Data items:
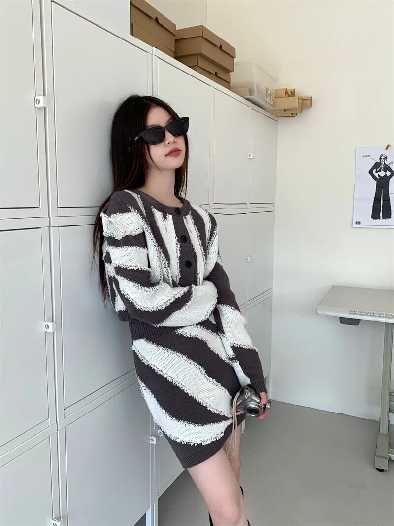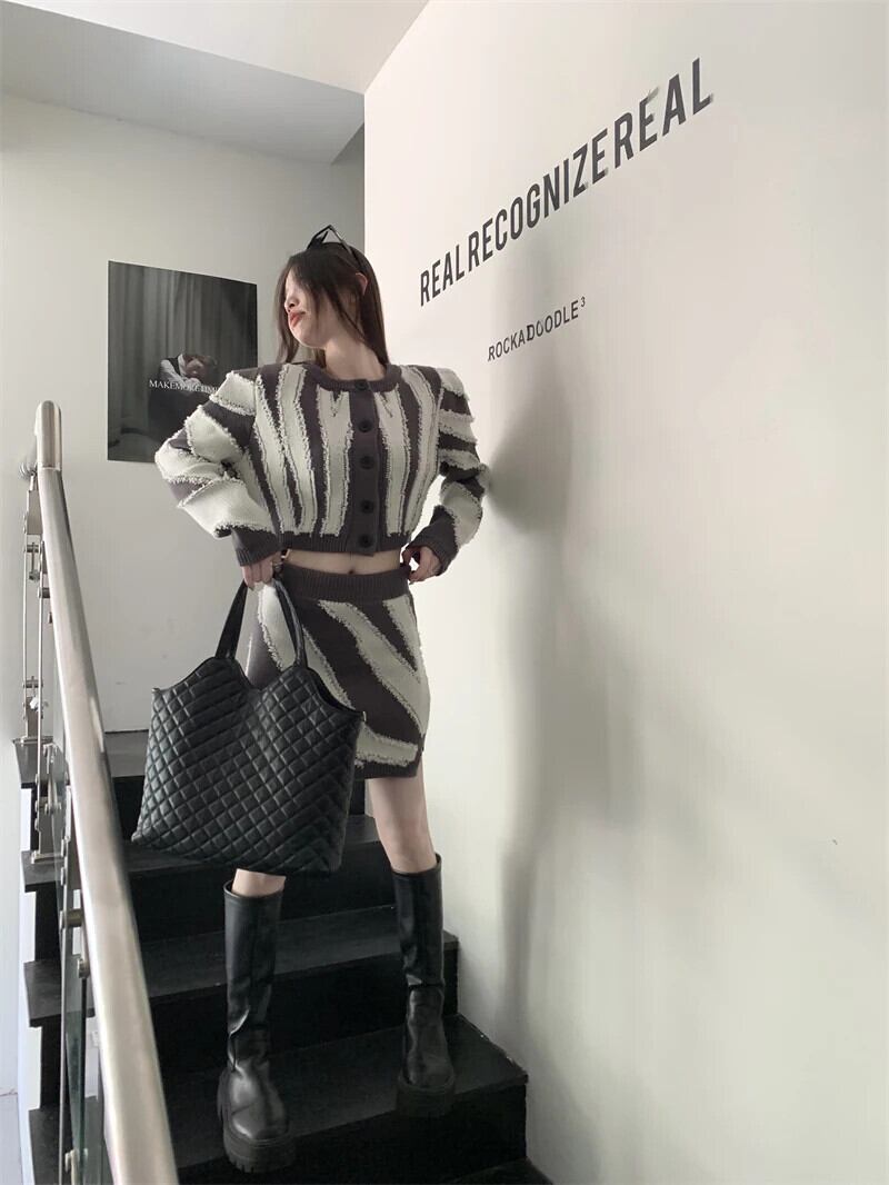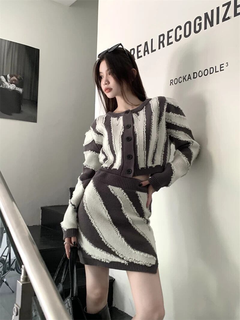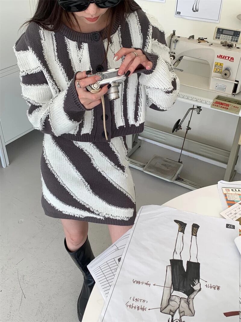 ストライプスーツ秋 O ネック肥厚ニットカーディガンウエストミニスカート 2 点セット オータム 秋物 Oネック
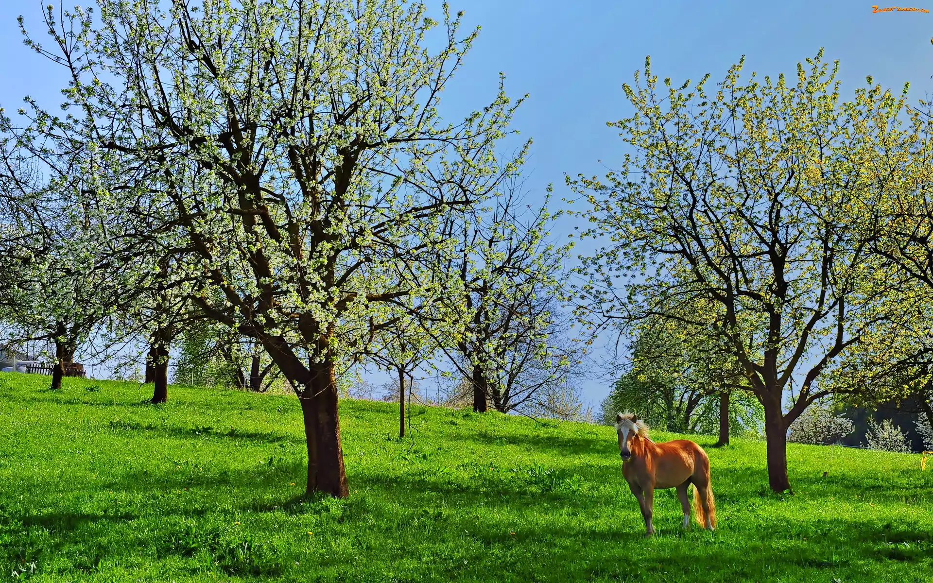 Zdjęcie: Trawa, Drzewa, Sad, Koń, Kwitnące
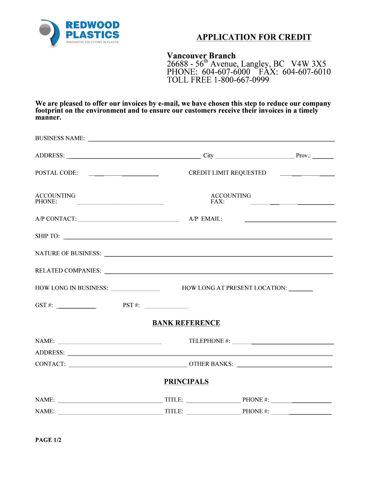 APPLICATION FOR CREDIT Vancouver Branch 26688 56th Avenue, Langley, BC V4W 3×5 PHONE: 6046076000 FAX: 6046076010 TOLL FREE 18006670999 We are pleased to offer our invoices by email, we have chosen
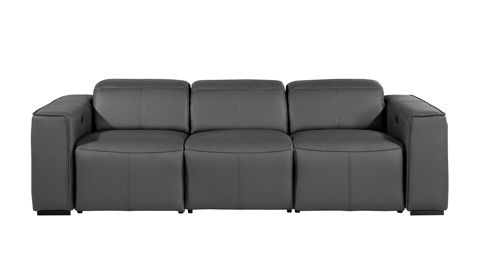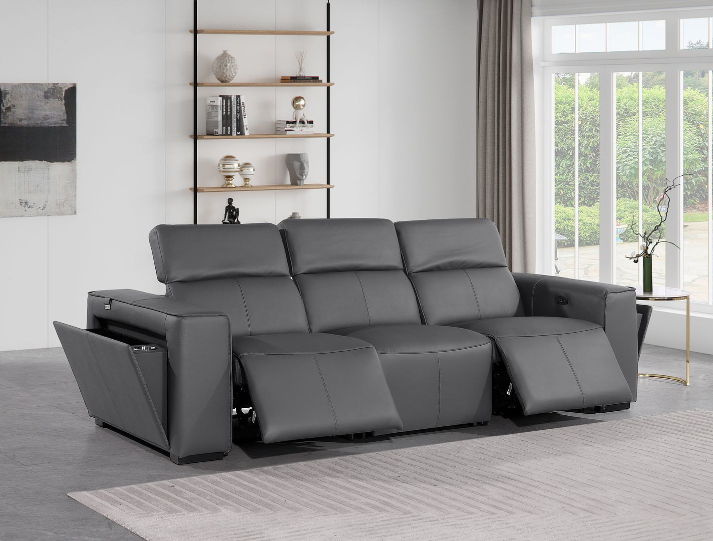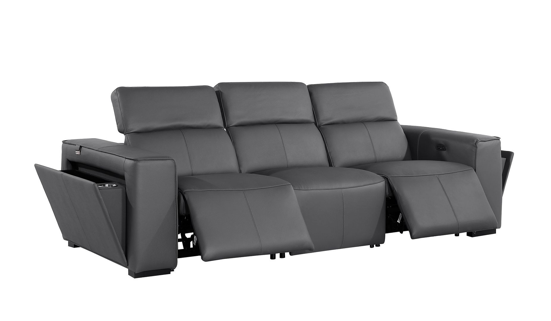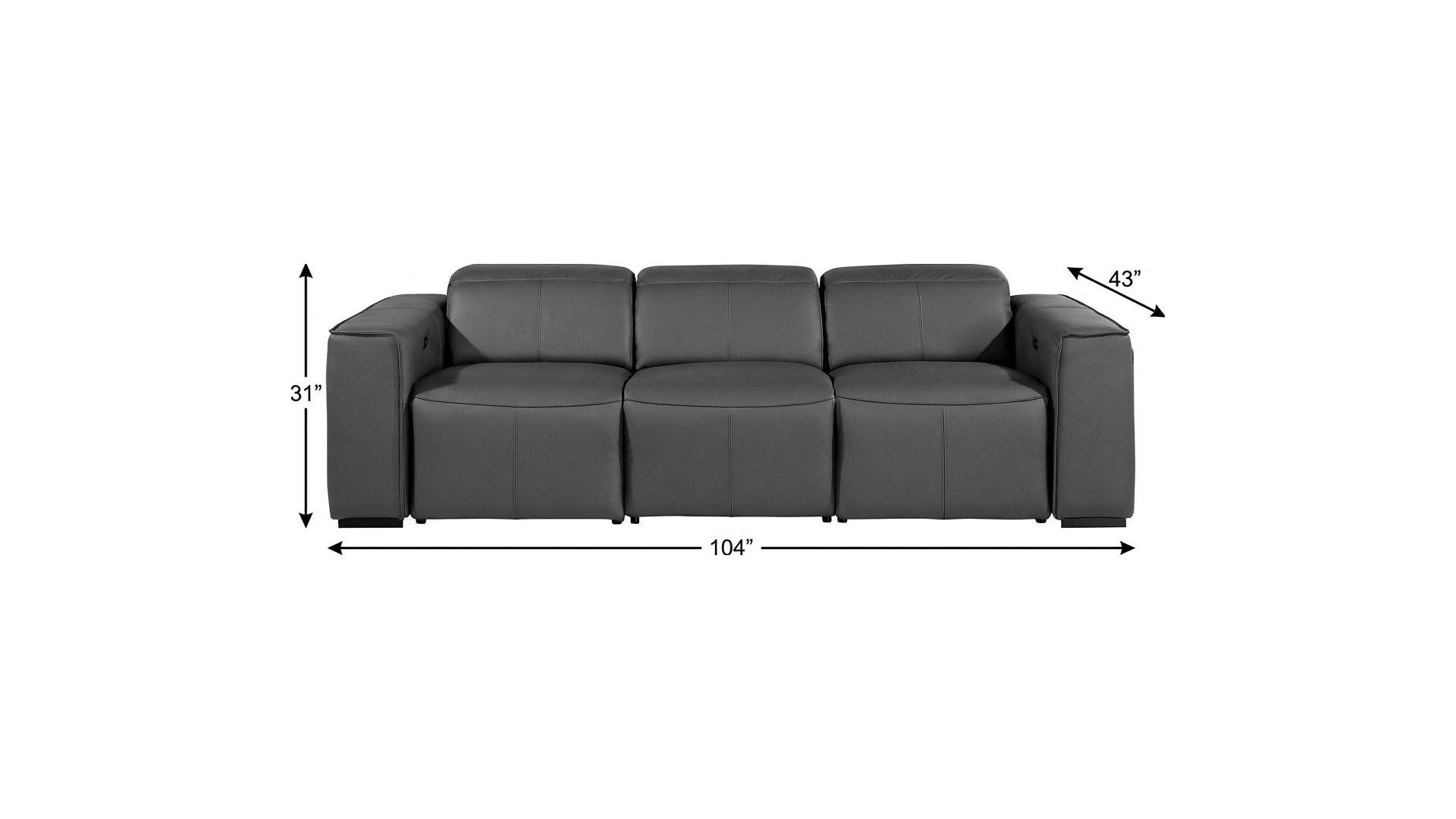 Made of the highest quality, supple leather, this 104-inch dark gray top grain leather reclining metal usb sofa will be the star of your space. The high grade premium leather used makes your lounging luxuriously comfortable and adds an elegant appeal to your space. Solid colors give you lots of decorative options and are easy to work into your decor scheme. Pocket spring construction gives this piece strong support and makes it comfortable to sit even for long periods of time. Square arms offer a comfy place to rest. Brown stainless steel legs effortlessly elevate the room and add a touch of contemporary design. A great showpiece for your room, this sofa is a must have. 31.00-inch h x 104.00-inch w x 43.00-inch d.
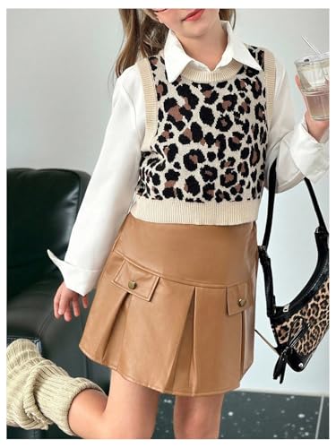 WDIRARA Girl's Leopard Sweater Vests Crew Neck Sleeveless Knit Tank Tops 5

**PROBLEM TO SOLVE:** Reproduce every record above exactly, but leave out the pictures.

**EXERCISE RESPONSE:**
 ストライプスーツ秋 O ネック肥厚ニットカーディガンウエストミニスカート 2 点セット オータム 秋物 Oネック
 Zdjęcie: Trawa, Drzewa, Sad, Koń, Kwitnące
 APPLICATION FOR CREDIT Vancouver Branch 26688 56th Avenue, Langley, BC V4W 3×5 PHONE: 6046076000 FAX: 6046076010 TOLL FREE 18006670999 We are pleased to offer our invoices by email, we have chosen
 Made of the highest quality, supple leather, this 104-inch dark gray top grain leather reclining metal usb sofa will be the star of your space. The high grade premium leather used makes your lounging luxuriously comfortable and adds an elegant appeal to your space. Solid colors give you lots of decorative options and are easy to work into your decor scheme. Pocket spring construction gives this piece strong support and makes it comfortable to sit even for long periods of time. Square arms offer a comfy place to rest. Brown stainless steel legs effortlessly elevate the room and add a touch of contemporary design. A great showpiece for your room, this sofa is a must have. 31.00-inch h x 104.00-inch w x 43.00-inch d.
 WDIRARA Girl's Leopard Sweater Vests Crew Neck Sleeveless Knit Tank Tops 5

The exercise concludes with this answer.